# REQUIRED WORK:
Return all the entries word for word.

# RECORDED INFORMATION:
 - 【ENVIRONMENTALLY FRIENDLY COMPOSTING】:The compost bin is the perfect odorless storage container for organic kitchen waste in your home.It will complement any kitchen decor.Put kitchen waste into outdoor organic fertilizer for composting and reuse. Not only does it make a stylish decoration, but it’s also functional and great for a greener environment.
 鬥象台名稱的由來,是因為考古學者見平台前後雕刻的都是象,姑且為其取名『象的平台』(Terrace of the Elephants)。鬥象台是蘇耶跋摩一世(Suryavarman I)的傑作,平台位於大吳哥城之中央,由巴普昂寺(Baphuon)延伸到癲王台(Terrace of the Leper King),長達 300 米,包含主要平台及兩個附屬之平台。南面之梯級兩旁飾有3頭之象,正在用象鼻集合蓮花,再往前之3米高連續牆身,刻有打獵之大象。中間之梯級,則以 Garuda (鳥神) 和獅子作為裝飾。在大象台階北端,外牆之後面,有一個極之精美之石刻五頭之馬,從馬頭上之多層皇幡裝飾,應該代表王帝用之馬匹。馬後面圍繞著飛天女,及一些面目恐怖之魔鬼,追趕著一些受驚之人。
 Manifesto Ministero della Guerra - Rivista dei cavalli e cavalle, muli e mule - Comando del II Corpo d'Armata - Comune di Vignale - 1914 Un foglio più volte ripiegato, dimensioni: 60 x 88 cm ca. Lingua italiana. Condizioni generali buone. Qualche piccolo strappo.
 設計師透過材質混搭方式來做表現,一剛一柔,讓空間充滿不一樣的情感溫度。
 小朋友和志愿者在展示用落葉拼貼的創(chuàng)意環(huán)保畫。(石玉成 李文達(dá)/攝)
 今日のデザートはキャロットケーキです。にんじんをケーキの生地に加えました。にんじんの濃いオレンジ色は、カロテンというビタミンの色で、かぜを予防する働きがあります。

# ANSWER SPACE:
 - 【ENVIRONMENTALLY FRIENDLY COMPOSTING】:The compost bin is the perfect odorless storage container for organic kitchen waste in your home.It will complement any kitchen decor.Put kitchen waste into outdoor organic fertilizer for composting and reuse. Not only does it make a stylish decoration, but it’s also functional and great for a greener environment.
 鬥象台名稱的由來,是因為考古學者見平台前後雕刻的都是象,姑且為其取名『象的平台』(Terrace of the Elephants)。鬥象台是蘇耶跋摩一世(Suryavarman I)的傑作,平台位於大吳哥城之中央,由巴普昂寺(Baphuon)延伸到癲王台(Terrace of the Leper King),長達 300 米,包含主要平台及兩個附屬之平台。南面之梯級兩旁飾有3頭之象,正在用象鼻集合蓮花,再往前之3米高連續牆身,刻有打獵之大象。中間之梯級,則以 Garuda (鳥神) 和獅子作為裝飾。在大象台階北端,外牆之後面,有一個極之精美之石刻五頭之馬,從馬頭上之多層皇幡裝飾,應該代表王帝用之馬匹。馬後面圍繞著飛天女,及一些面目恐怖之魔鬼,追趕著一些受驚之人。
 Manifesto Ministero della Guerra - Rivista dei cavalli e cavalle, muli e mule - Comando del II Corpo d'Armata - Comune di Vignale - 1914 Un foglio più volte ripiegato, dimensioni: 60 x 88 cm ca. Lingua italiana. Condizioni generali buone. Qualche piccolo strappo.
 設計師透過材質混搭方式來做表現,一剛一柔,讓空間充滿不一樣的情感溫度。
 小朋友和志愿者在展示用落葉拼貼的創(chuàng)意環(huán)保畫。(石玉成 李文達(dá)/攝)
 今日のデザートはキャロットケーキです。にんじんをケーキの生地に加えました。にんじんの濃いオレンジ色は、カロテンというビタミンの色で、かぜを予防する働きがあります。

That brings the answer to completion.